Good-bye, Pentium — hello, Core 2 Duo
SANTA CLARA, California — Intel officially closed the books on the Pentium era on Thursday with the Core 2 Duo, its most important product launch in 13 years.
“This is not just an incremental change; this is a revolutionary leap,” Intel CEO Paul Otellini said at a launch event here, held in a heavily air-conditioned tent. The last time the company held such an event at its headquarters was when it introduced the Pentium processor in 1993, a similarly important milestone in its history.
Back then, the PC market was a fraction of its current size, Otellini said. Pentium quickly became one of the computer industry’s most recognised brands, albeit in a much different competitive environment.
The Core 2 Duo launch comes as Advanced Micro Devices narrows the gap between the two companies with better-performing products for desktops and servers. At the same time, the PC industry is searching for a boost after a bad financial quarter and yet another delay in the launch of Microsoft’s Windows Vista update.
However, Intel thinks it’s back. Early reviews of the Core 2 Duo have been stellar, and the chipmaker has accumulated more design wins for the new processors than for any other new processor in its history, Otellini said.

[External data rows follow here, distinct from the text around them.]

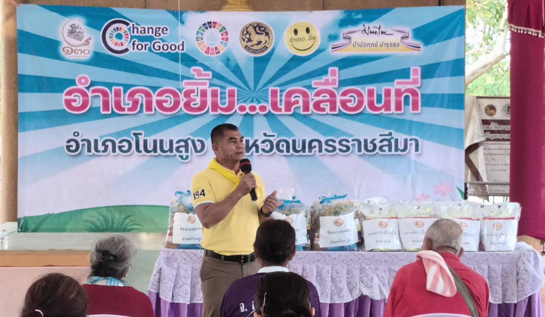 เมื่อวันที่ 21 มีนาคม 2568 เวลา 07.00 น. ภายใต้การอำนวยการ พ.ต.อ.สิทธิพล ทิมสูงโนน ผกก.สภ.โนนสูง มอบหมายให้ พ.ต.ต.สถิต อิ่มพรมราช สวป.(ชส.) สภ.โนนสูง และ ร.ต.อ.พิษณุ การถาง รอง สว.ธร.สภ.โนนสูง ร่วมกิจกรรมโครงการอำเภอ…เคลื่อนที่ กับอำเภอโนนสูงและส่วนราชการต่างๆ ณ วัดโค้งกระชาย ตำบลจันอัด อำเภอโนนสูง จังหวัดนครราชสีมา โดยมีนายจิรเดช พงษ์ประสิทธิ์ นายอำเภอโนนสูงเป็นประธาน
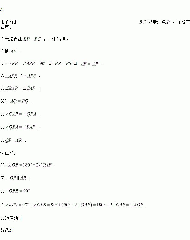 A 【解析】只是过点,并没有固定, ∴无法得出,∴①错误, 连结, ∵, , , ∴≌, ∴. 又∵, ∴, ∴, ∴, ②正确, ∵, 又∵, ∴ ∴, ∴③正确, 故选A.
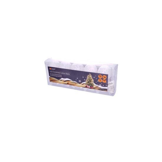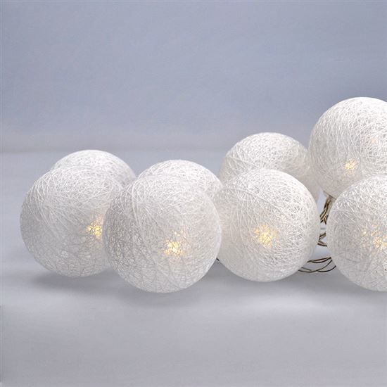 Štýlová LED reťaz s bavlnenými guľôčkami je jemnou a elegantnou dekoráciou pre váš domov. Na dĺžke 1,5 metra nájdete 10 LED diód, ktoré vyžarujú teplé biele svetlo, ideálne na vytvorenie útulnej atmosféry v spálni, obývačke alebo ako doplnok vianočných dekorácií. Biela farba guľôčok pôsobí čisto a prirodzene, zatiaľ čo jemné žltkasté svetlo dodáva priestoru útulný nádych.
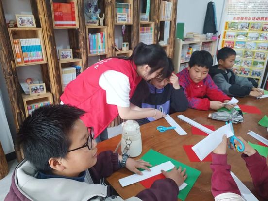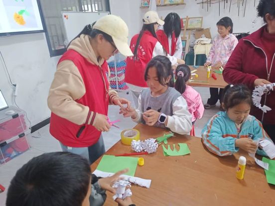 结束了对节日习俗与哲思的感悟,最受期待的手工环节开始了。志愿者们一步步示范,教孩子们用彩纸折出一朵朵素雅的纸花。折叠、裁剪、展开……一双双小手认真而专注,一朵朵纸花在指尖悄然绽放。这些美丽的花朵,承载着孩子们对先人的敬意与追思,也在他们心底种下了珍视生命、感恩当下的种子。
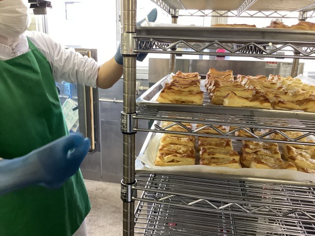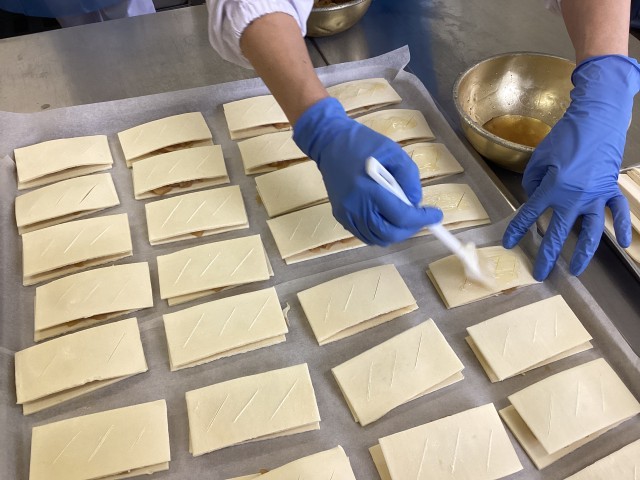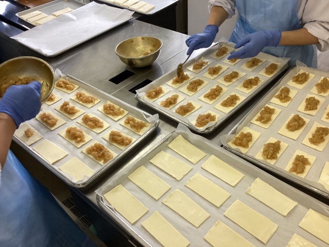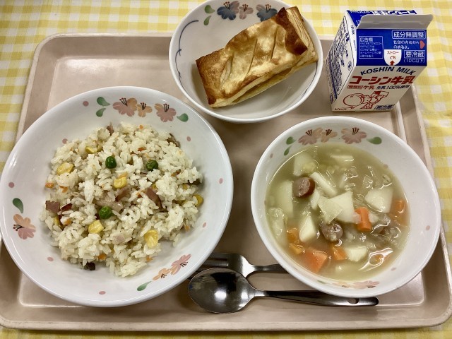 3年生の器楽発表「ハイホー」にちなみ、白雪姫が食べたりんごをモチーフにアップルパイを焼きました。給食室でりんごを煮詰めてフィリングから手作りしています。サクサクに焼きあがったパイに、子どもたちは大興奮!どのクラスもみんな、喜んで食べてくれました。3年生の発表が楽しみですね♪
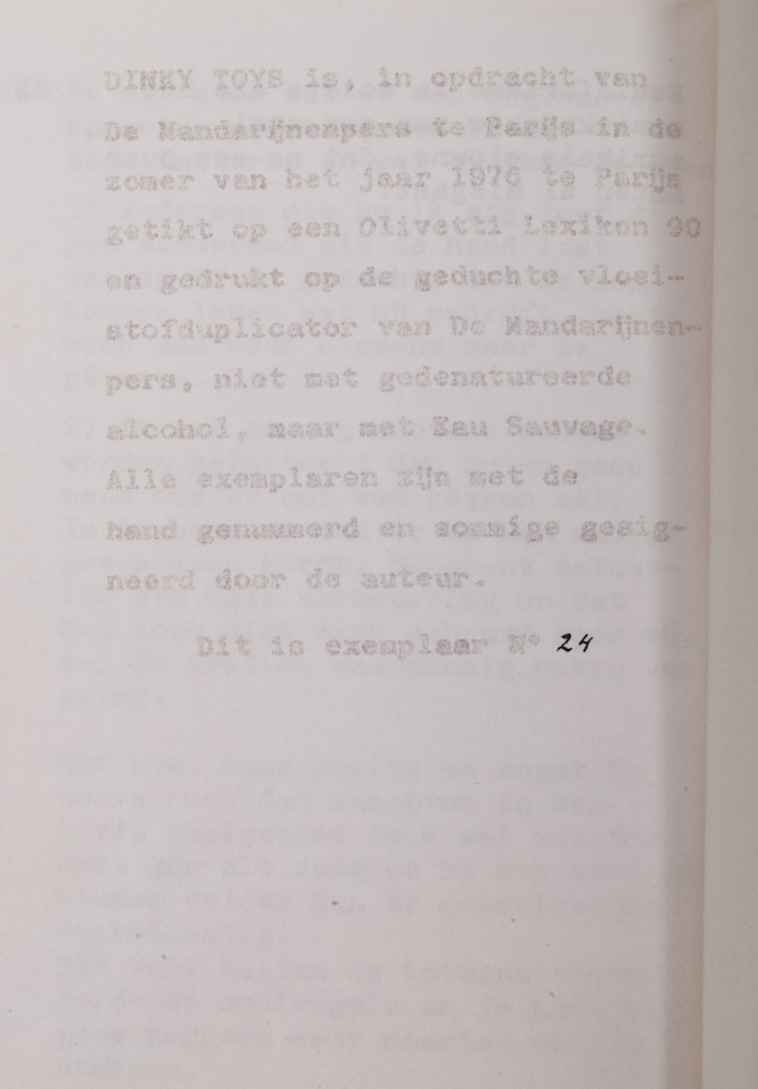 Publication made by Hermans himself on the 'dreaded liquid duplicator of the Mandarijnenpers', typed on an Olivetti Lexikon 90 and with the aid of chemical substances duplicated folded into quires by him. This issue is still uncut. The cover is a unique copy typed in the shape of half a pyramid, monogrammed on the back.
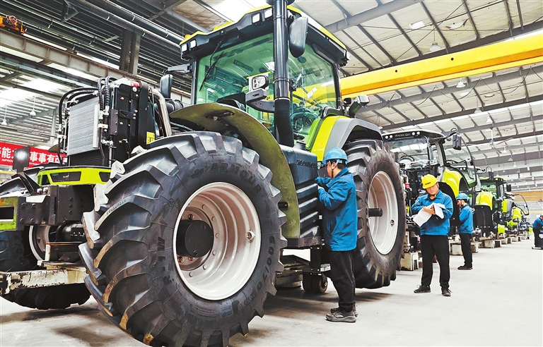 11月3日,中联重科开封工业园大马力拖拉机车间,工人正在赶制订单。园区依托高端制造业产业带的区位优势,加快建设中原特色产业基地步伐,确保农业装备制造业在四季度跑出加速度。记者 聂冬晗 摄
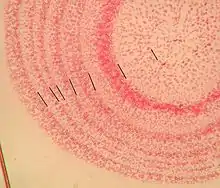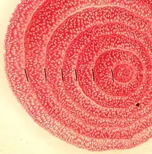 Annual growth rings in herbs are usually only visible by means of a microscope and a specific staining method. Ring-like patterns visible in root cross-sections by the naked eye may be "false rings".[9]
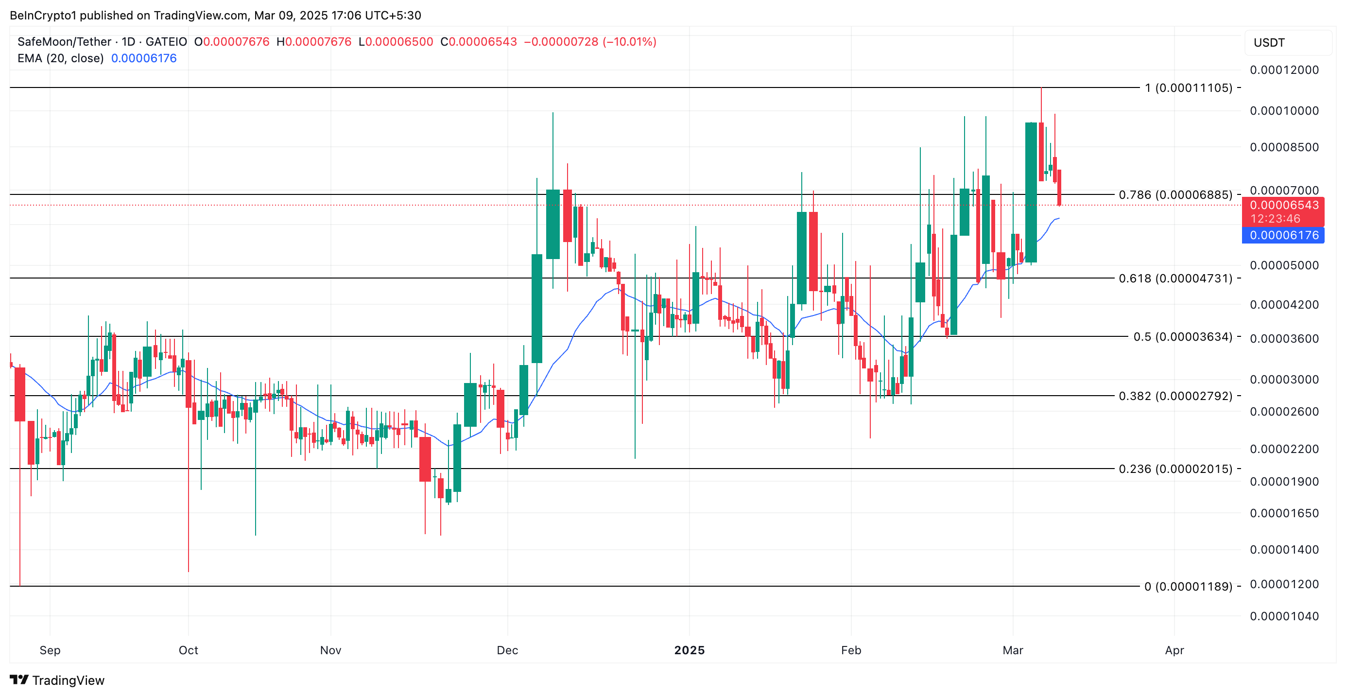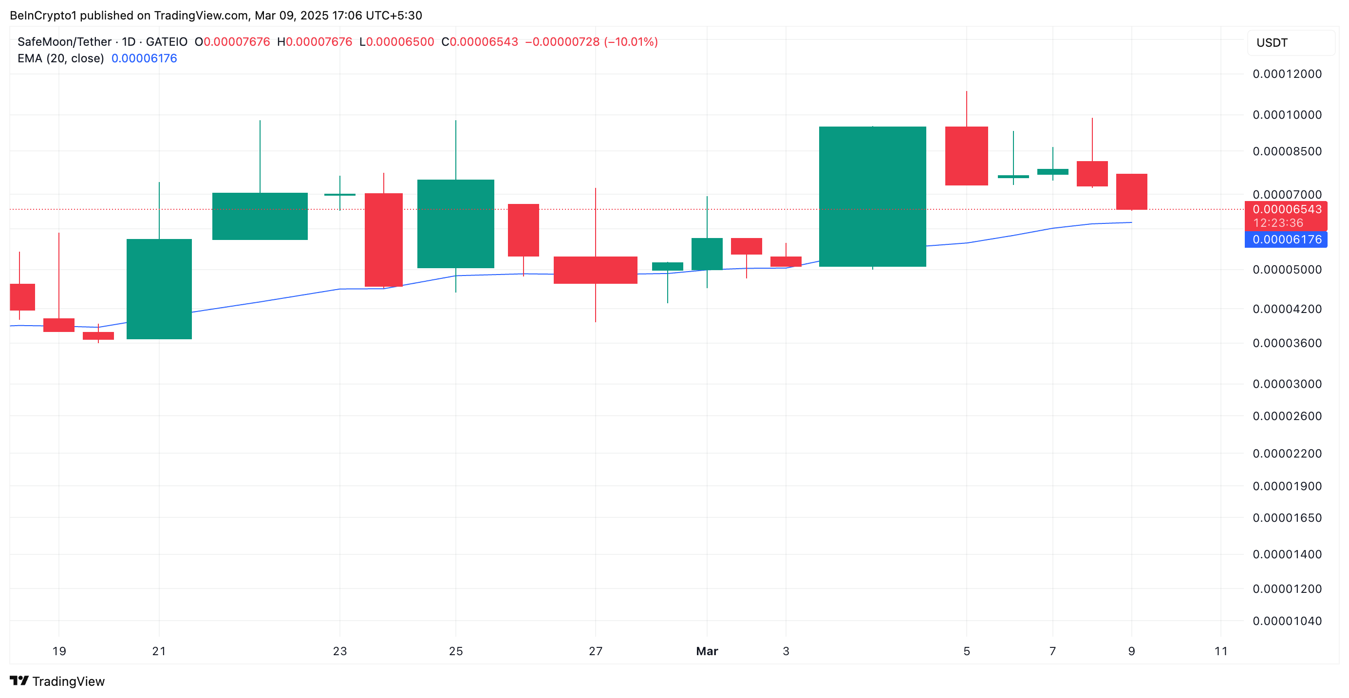 SafeMoon-ның 20 күндік EMA-мен қамтамасыз етілген динамикалық қолдауды сәтті бұзу аю трендін күшейтеді. Бұл сценарийде альткоиннің бағасы одан әрі төмендеуі мүмкін 0,000047 долларға дейін.

The Core 2 Duo is based on Intel’s Core microarchitecture, an offshoot of its work over the last decade to shift away from chasing clock speed as the holy grail of performance. Simply put, chips based on the Core microarchitecture do more work per clock cycle. Intel designers changed the way instructions move through the processor and developed a more sophisticated cache memory design to improve its performance and alleviate the inefficiencies of its front-side bus, or the link between the processor and the main memory.